Könnte man jetzt fragen: Ist das viel oder ist das wenig? Das findet auch die FDP-Fraktion und hakt mit einem neuen Fragekatalog einfach mal ein. Denn Überlastungsanzeigen sind ja auch ein Alarmsignal. Auch wenn es möglicherweise nur einzelne Einrichtungen oder Träger betrifft.

“Nach § 15 bzw. § 16 Arbeitsschutzgesetz sind Arbeitnehmer angehalten, dem Arbeitgeber eine Überlastung anzuzeigen, wenn davon eine Gefährdung der eigenen Gesundheit oder Sicherheit sowie der Gesundheit oder Sicherheit anderer Personen ausgehen kann”, schreibt die Fraktion in die Präambel ihrer kleinen Anfrage, mit der sie auch erfahren will, ob die Überlastungsanzeigen 2013 eine Ausnahme waren oder die Regel: “Wie hoch ist die Zahl der Überlastungsanzeigen in städtischen Kindertageseinrichtungen in den Jahren 2011, 2012 und 2013 absolut sowie durchschnittlich pro Jahr und Mitarbeiter?” ist denn gleich die erste Frage. Die nächste beschäftigt sich mit ergriffenen Maßnahmen, um die Betreuungsqualität zu sichern, und die dritte mit einem Thema, das in jedem Wirtschaftsbereich auftreten kann: “In wie vielen Fällen kam es zu Konflikten zwischen den Mitarbeitern in Kindertagesstätten aufgrund Mobbings?”

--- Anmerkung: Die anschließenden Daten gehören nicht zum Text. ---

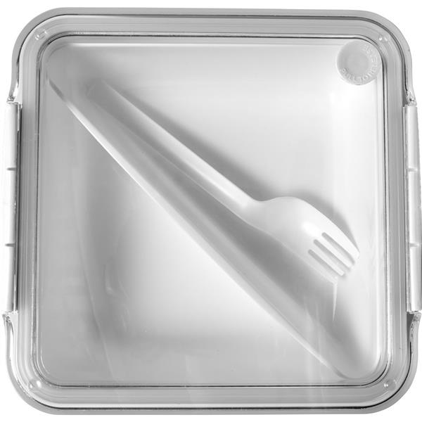 Pudełko śniadaniowe 920 ml, przezroczyste wieczko z silikonowym zamknięciem, trójkątna przegroda oraz widelec w komplecie
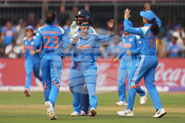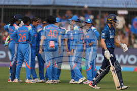India's players celebrates the wicket of England's Heather Knight during the ICC Women's Cricket World Cup match between India and England in Indore, India, Sunday, Oct. 19, 2025. (AP Photo/Ajit Solanki)
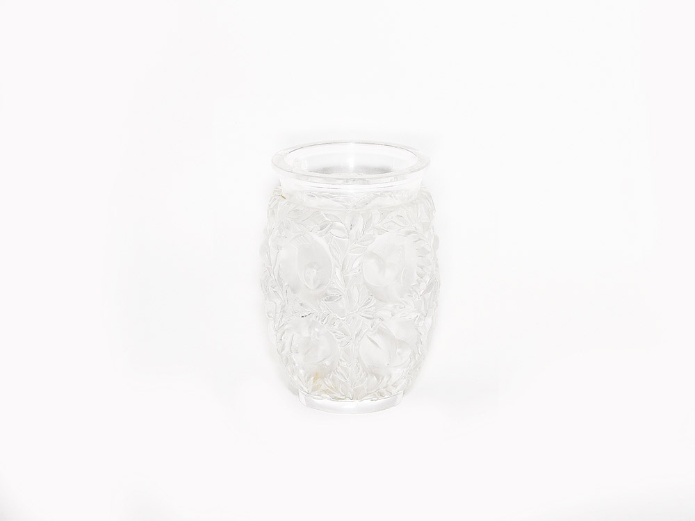 Vaso in vetro incolore e satinato Bagatelle Francia, Lalique corpo molato con motivo di uccellini e racemi h cm 17 Reca firma incisa Lalique France
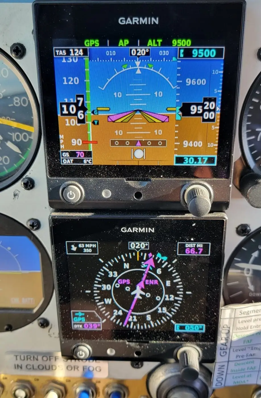 We enjoyed some nice lift for a few minutes while in the updraft side of the mountain wave and leveled off at 9,500’, and then we were in the downdraft side. It was surprisingly smooth, but we struggled to maintain altitude with our IAS dropping to 106 mph. My wife looked at the tablet in front of her and pointing to the distance to the next waypoint asked, “Is that our ground speed?”
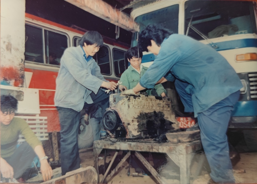 ▲80年代,車間修理工檢修模樣。3個機(jī)修工一同修理著車輛發(fā)動機(jī),臉上沒有吃力感,更像是帶著興趣在專研。
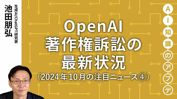 OpenAIが著作権訴訟を受けて、AI訓練データの検証を許可する方針です。検証は、訴訟を起こしている書籍の著者らの代理人によって行われます。その最新の状況と、生成AIによって作られたアウトプットをビジネスで活用する際の注意点について、じっくり解説します。
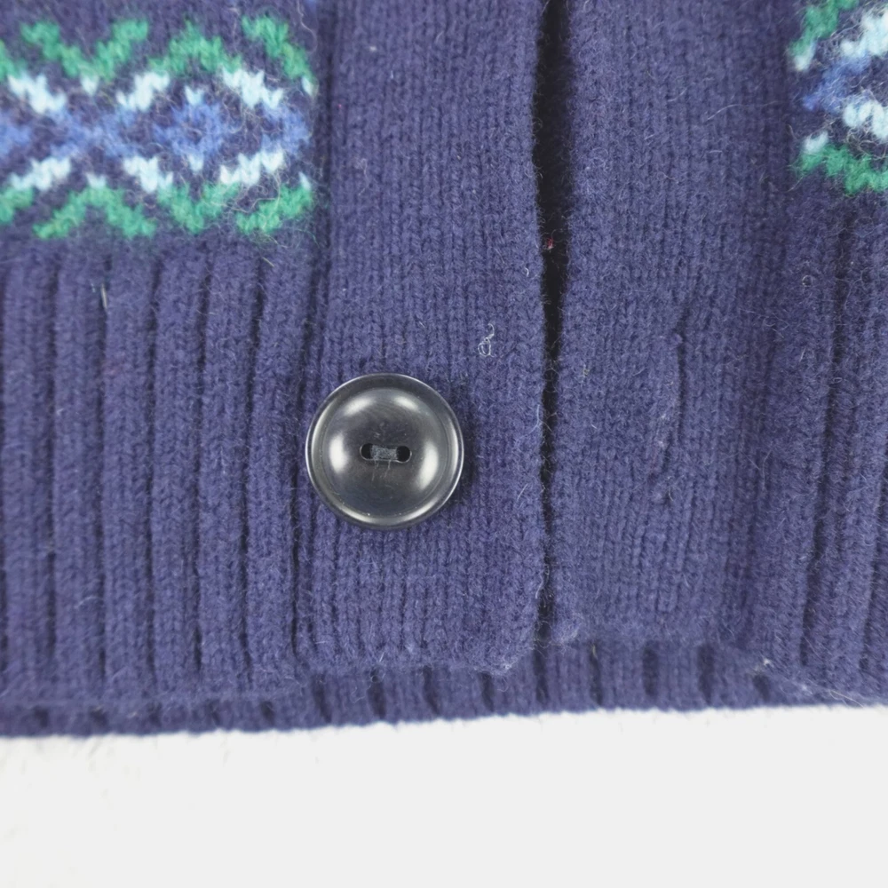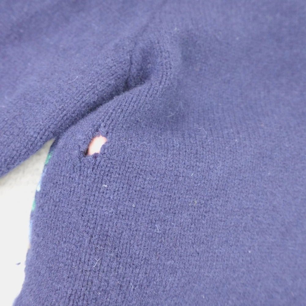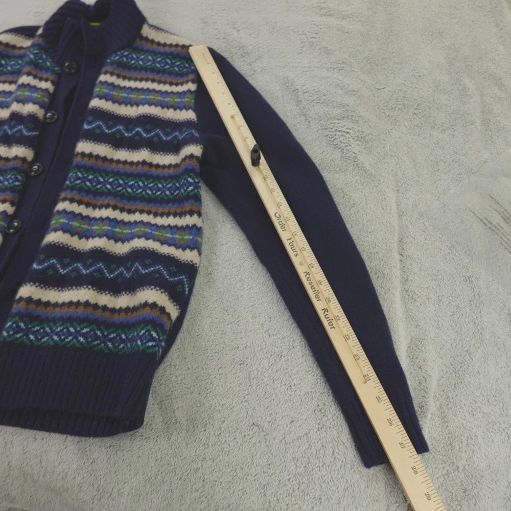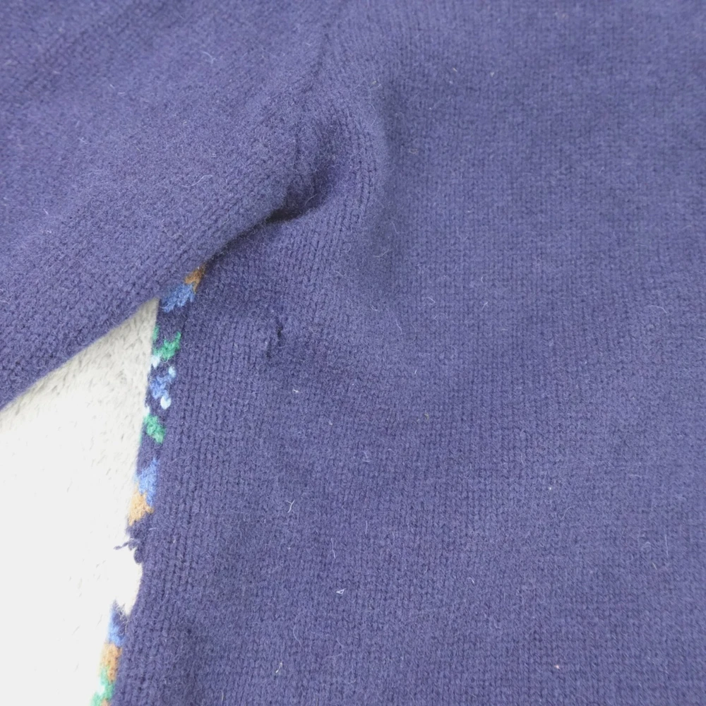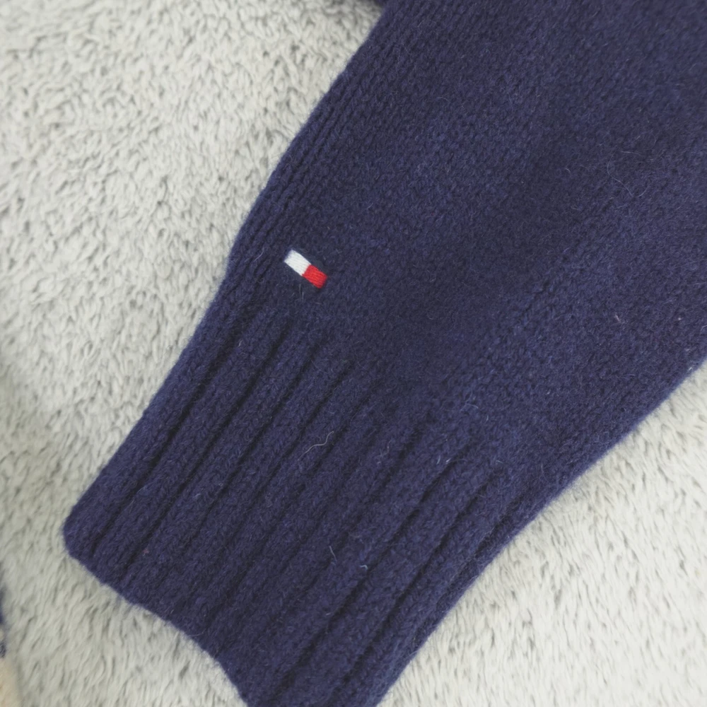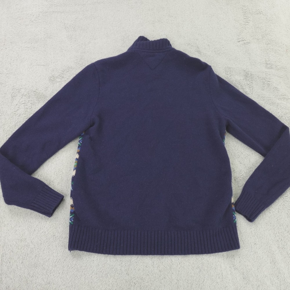 Tommy Hilfiger Fair Isle Sweater Mens Large* Navy Blue Multi Wool Cardigan. Sweater is in good pre-owned condition, one hole is noted on the back left side as pictured, no stains, tears or other signs of wear noted, no other moth holes detected, please review all photos. Note, sweater is tagged a size large, estimated to best fit a mens size medium based on the current TH size chart and measurements, please see photos for measurements to ensure best fit. If we missed something, don't worry, we offer free returns. Just indicate, "just didn't like it," for any reason, and we'll pay for the return. Thanks for visiting!
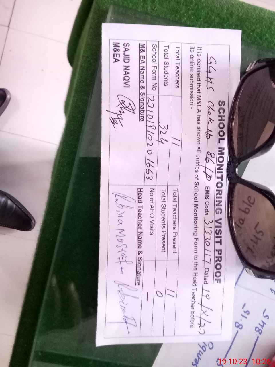 | Attendance Register | Head Teacher | MEA with School | Visit Proof |
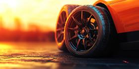 Stack of Racing Sports Car Tires with Vibrant Background, Bold Racing Tires Piled Up Against a Colorful, Energetic Backdrop
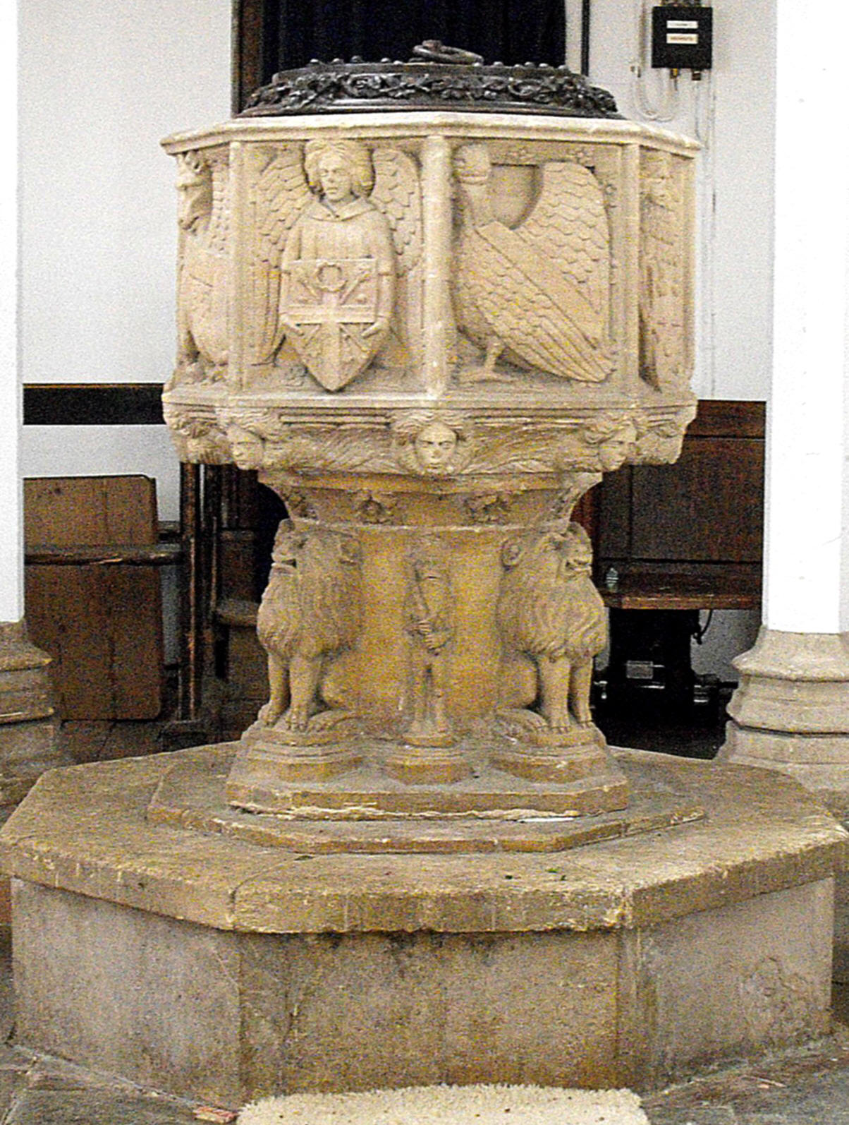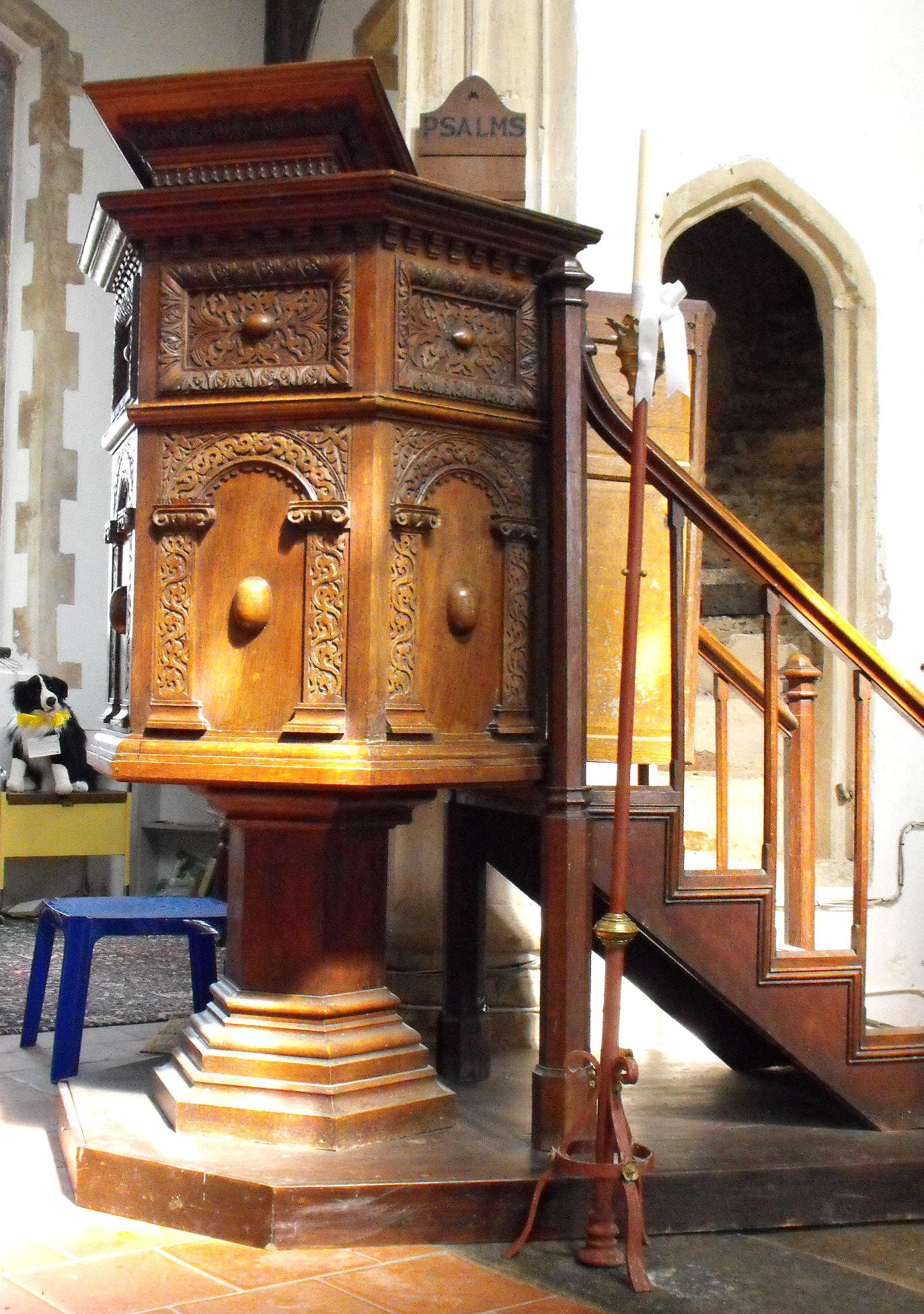 woodwork is very limited in the church but includes the Jacobean pulpit (below right),
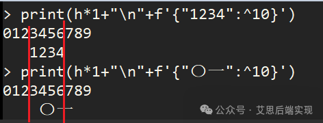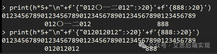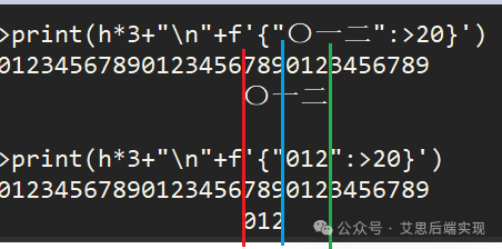 這個(gè)是一個(gè)右對(duì)齊的示例,print函數(shù)首先計(jì)算了打印對(duì)象的長(zhǎng)度len(),得到了這個(gè)打印對(duì)象的長(zhǎng)度為3(此處忽略全角和半角),所以print會(huì)從右對(duì)齊的20節(jié)點(diǎn)開(kāi)始排布,意即print把從第18 個(gè)字符的位置開(kāi)始打印,這里用紅線表示,所以無(wú)論全角還是半角對(duì)象,print都會(huì)從第18 個(gè)字符的位置打印。
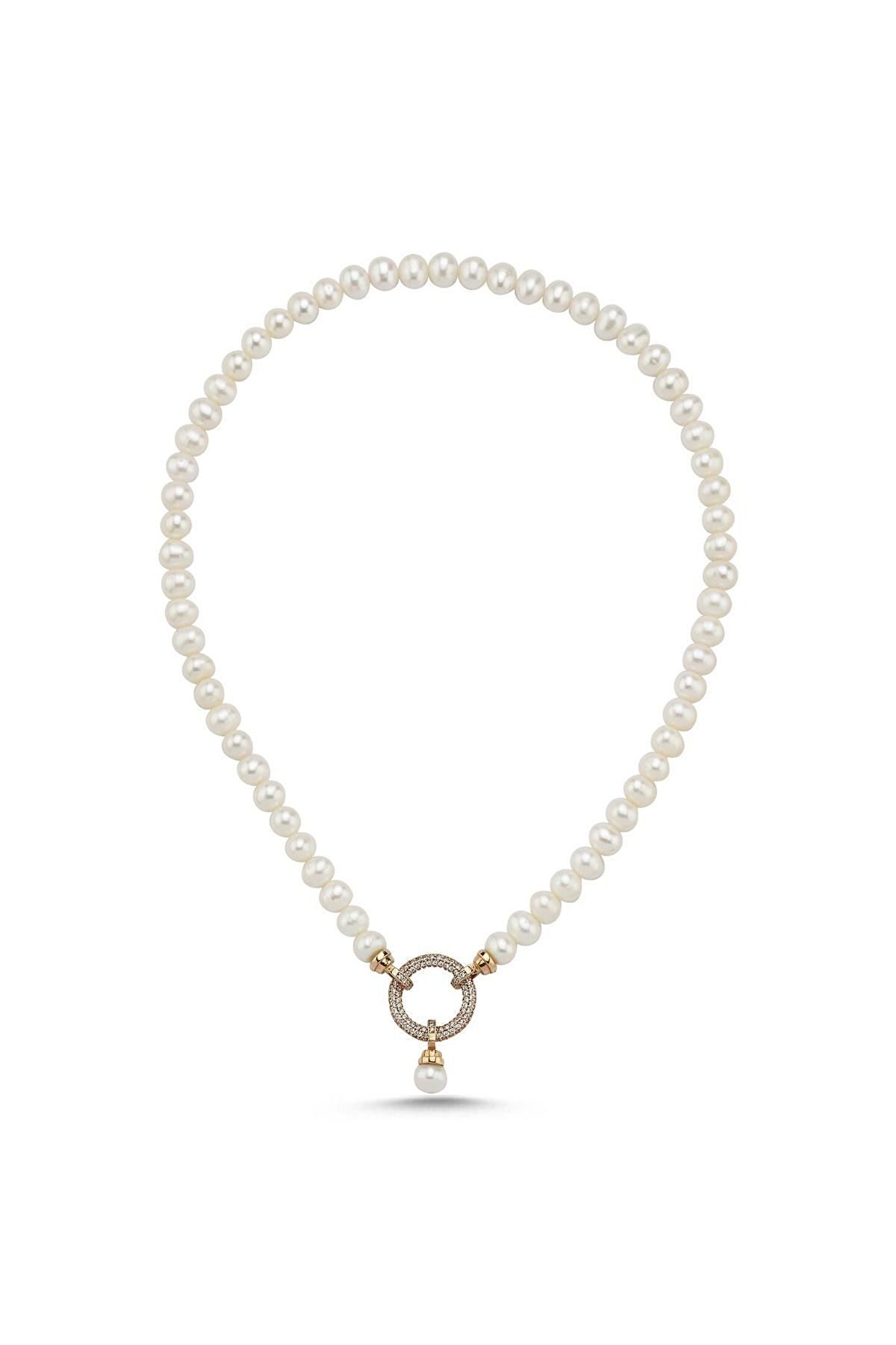 14 Ayar Altın 8 Mm Halka Kilitli Doğal Inci Kolye
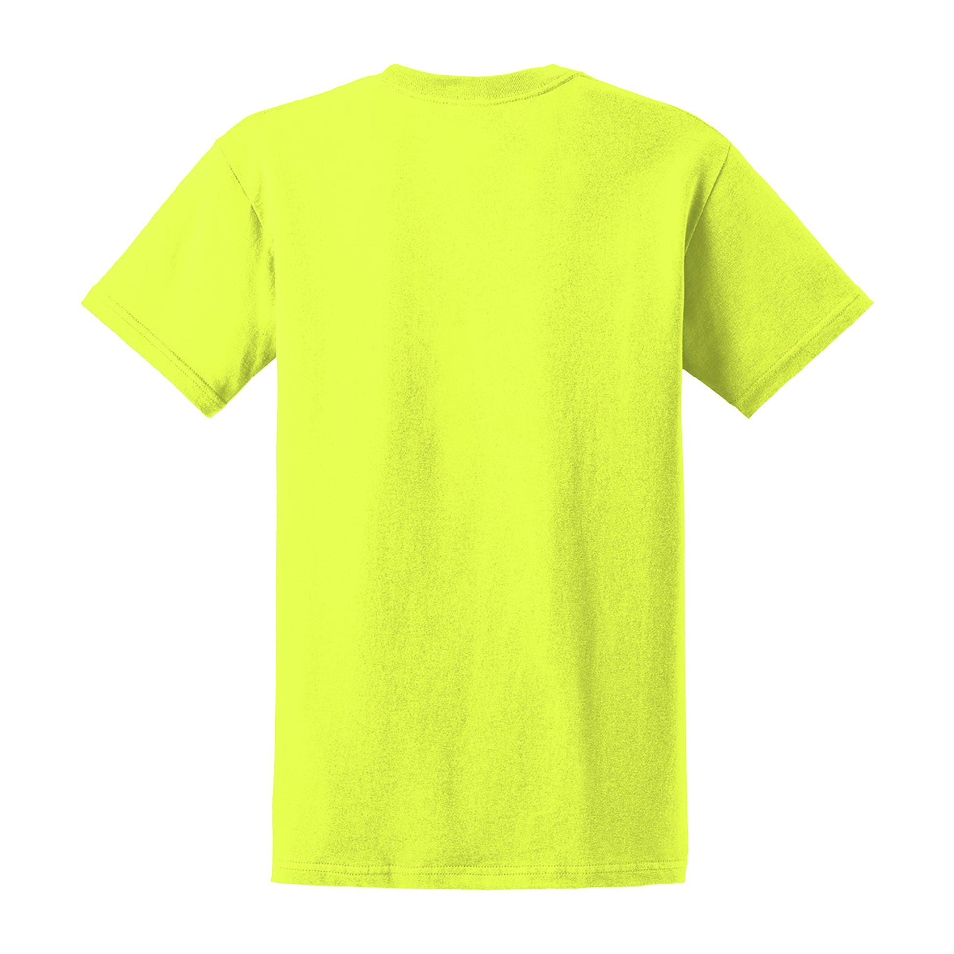 - 50/50 cotton/poly (Dark Heather, Safety Green, Safety Orange, Heather Navy)
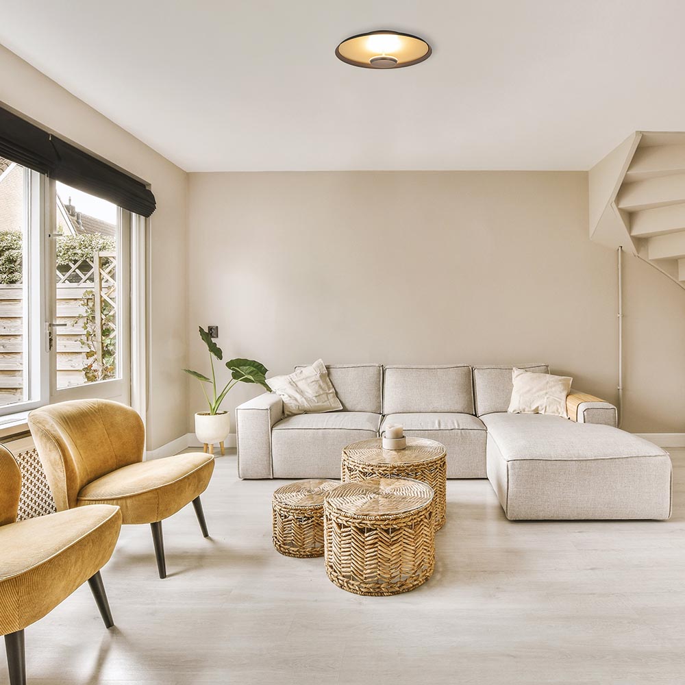 Deze mooie plafondlamp met warme uitstraling is super stoer. De metalen plafondlamp heeft een mat zwarte buitenkant en een gouden binnenkant. Doordat de LED verlichting naar boven schijnt wordt het gereflecteerd door de goudkleurige schaal. De gouden binnenkant heeft de lamp een super warme en sfeervolle uitstraling. Door het lichte metaal is de lamp geschikt voor ieders plafond. Stijlvol, sfeervol en strak, echt een interieur topper.
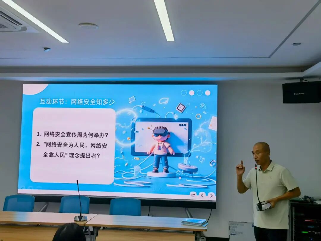 讲座以充满趣味的有奖问答环节拉开帷幕,瞬间点燃了现场氛围。同学们踊跃参与、积极应答,在轻松愉快的互动中激发了对网络安全知识的浓厚兴趣。 随后,毕晓东围绕网络安全周的背景与意义展开讲解,让同学们明白在数字化、网络化深入发展的当下,网络安全已成为关乎个人权益、组织运行乃至国家安全的重要组成部分。他强调,网络安全宣传周不仅是全民安全教育的重要载体,更是推动构建安全、健康、清朗网络空间的战略举措。

Und kann es sein, vermuten die Liberalen, dass der Betreuungsschlüssel doch ein bisschen aufgeweicht wird? Die vierte Frage lautet: “Inwieweit werden noch in Ausbildung befindliche Personen oder Praktikanten für die Erfüllung des Betreuungsschlüssels berücksichtigt?”

Womit aufmerksame Eltern auch noch erfahren, dass es eben mit dem Bau immer neuer Kindertagesstätten allein nicht getan ist. Beim Personal gehen die Sorgen weiter. Und die Nachfragen der Fraktionen säen zumindest ein bisschen Zweifel, ob die Personalsituation tatsächlich noch so entspannt ist, wie gern verkündet.